Task to carry out :: Reproduce exactly only the lines from the line that holds "合規性要求:項目需納入國家或" to the line that holds "Stylová stříbrná keramická", inclusive, in the listing below, and please leave out every picture.

Supplied material ::
-.-.-

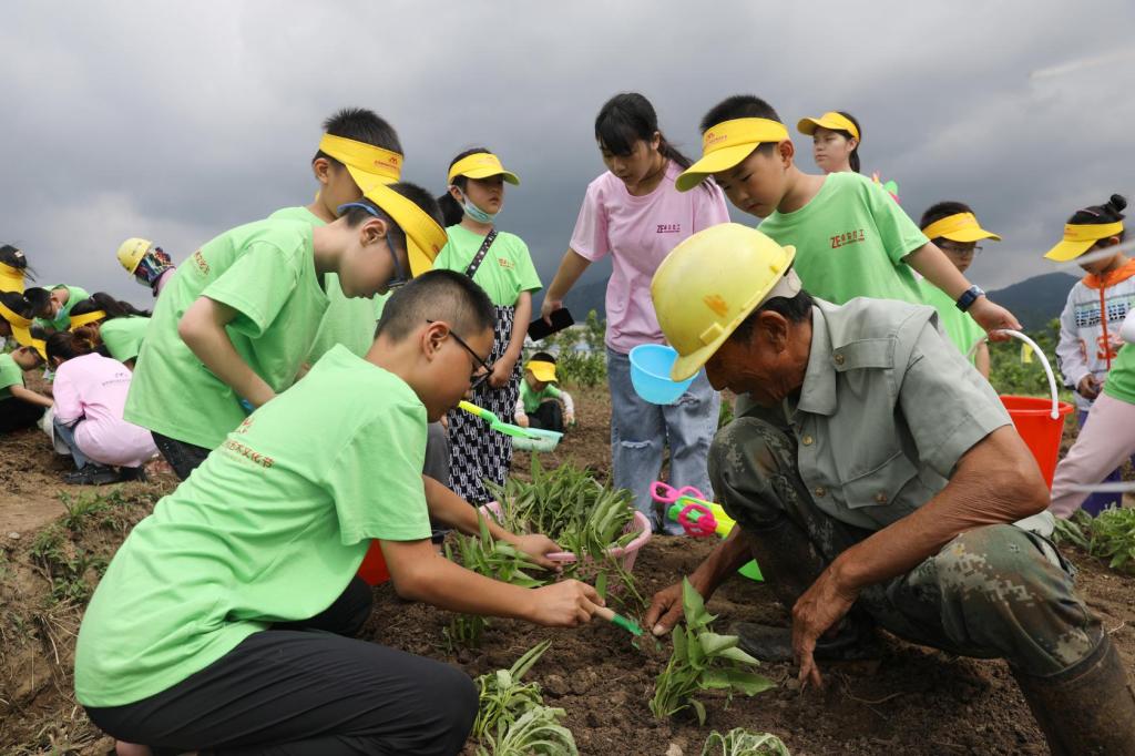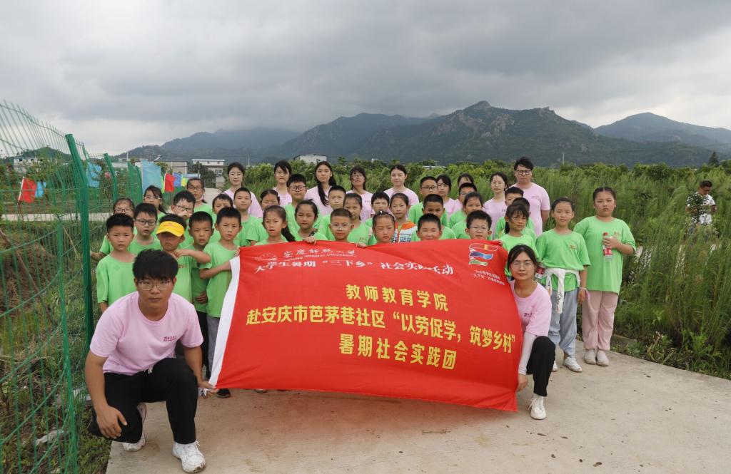 “以劳促学,筑梦乡村”教育关爱实践团与40名小朋友赴安庆市象山村开展暑期实践之农事耕种活动。
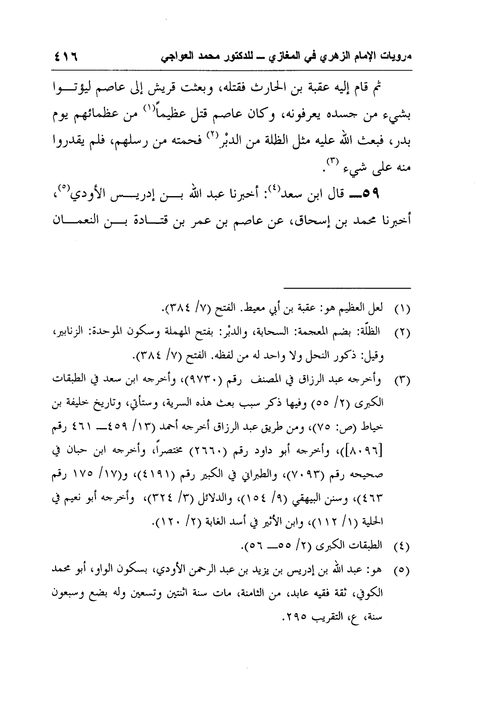 59- قال ابن سعد4: أخبرنا عبد الله بن إدريس الأودي5، أخبرنا محمد بن إسحاق، عن عاصم بن عمر بن قتادة بن النعمان
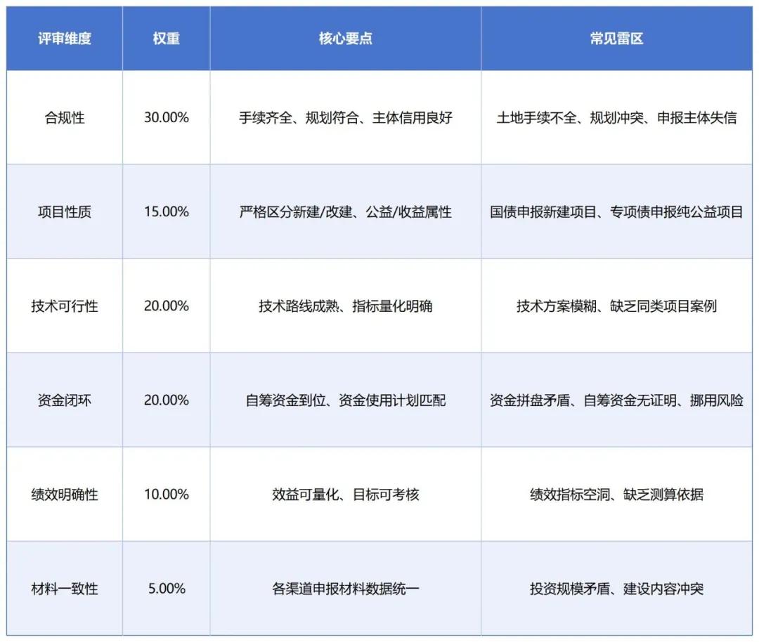 合規性要求:項目需納入國家或省級“十四五”規劃及相關專項規劃;必須完成可研批復,且安評、能評、環評、用地預審等核心手續齊全;嚴禁涉及房地產開發、樓堂館所建設、形象工程等負面清單內容。
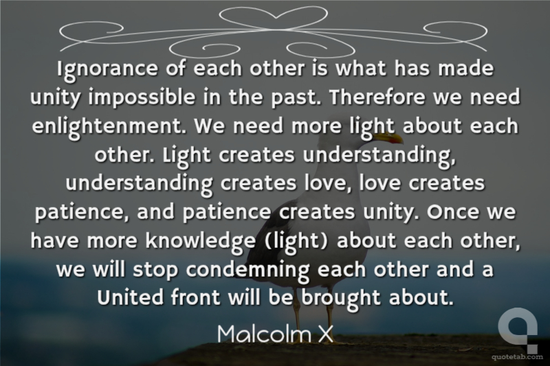 Ignorance of each other is what has made unity impossible in the past. Therefore we need enlightenment. We need more light about each other. Light creates understanding, understanding creates love, love creates patience, and patience creates unity. Once we have more knowledge (light) about each other, we will stop condemning each other and a United front will be brought about.
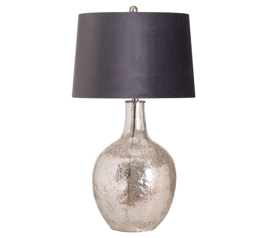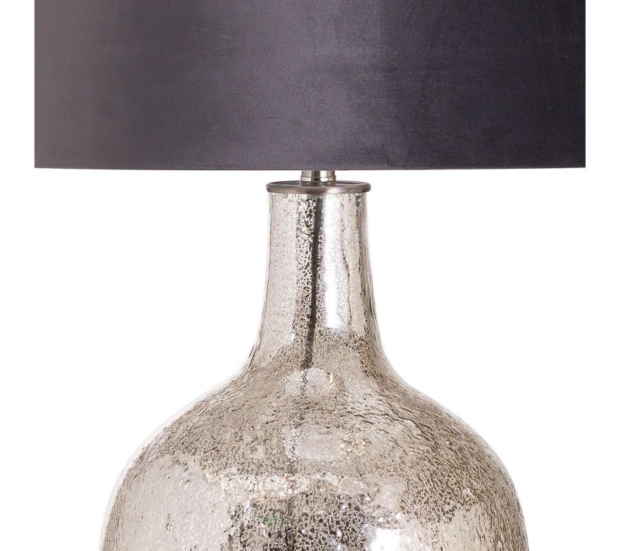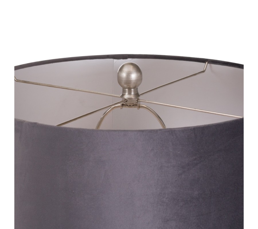 Stylová stříbrná keramická stolní lampa Concento s šedým sametovým stínítkem 78cm
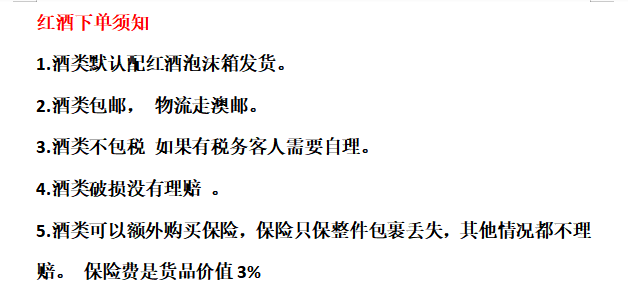 红酒下单须知: 1.酒类默认配红酒泡沫箱发货。 2.酒类包邮, 物流走澳邮。 3.酒类不包税,如果有税务客人需要自理。 4.酒类破损没有理赔 。 5.酒类可以额外购买保险,保险只保整件包裹丢失,其他情况都不理赔。 保险费是货品价值3%
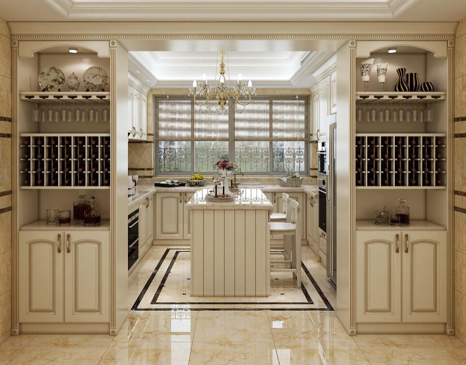 对于爱酒之人,是可以在家中任何区域都设计个酒柜的,客厅、餐厅就不用多说基本上有柜子的区域就可以作为酒柜,所以厨房中的橱柜成为酒柜也就不足为奇了,特别是厨房面积够大的话,可以直接在四周墙面都设计成酒柜,当然仅限于吊柜中,搭配上玻璃柜门就更好看了。

-.-.-

Result of this exercise ::
 合規性要求:項目需納入國家或省級“十四五”規劃及相關專項規劃;必須完成可研批復,且安評、能評、環評、用地預審等核心手續齊全;嚴禁涉及房地產開發、樓堂館所建設、形象工程等負面清單內容。
 Ignorance of each other is what has made unity impossible in the past. Therefore we need enlightenment. We need more light about each other. Light creates understanding, understanding creates love, love creates patience, and patience creates unity. Once we have more knowledge (light) about each other, we will stop condemning each other and a United front will be brought about.
 Stylová stříbrná keramická stolní lampa Concento s šedým sametovým stínítkem 78cm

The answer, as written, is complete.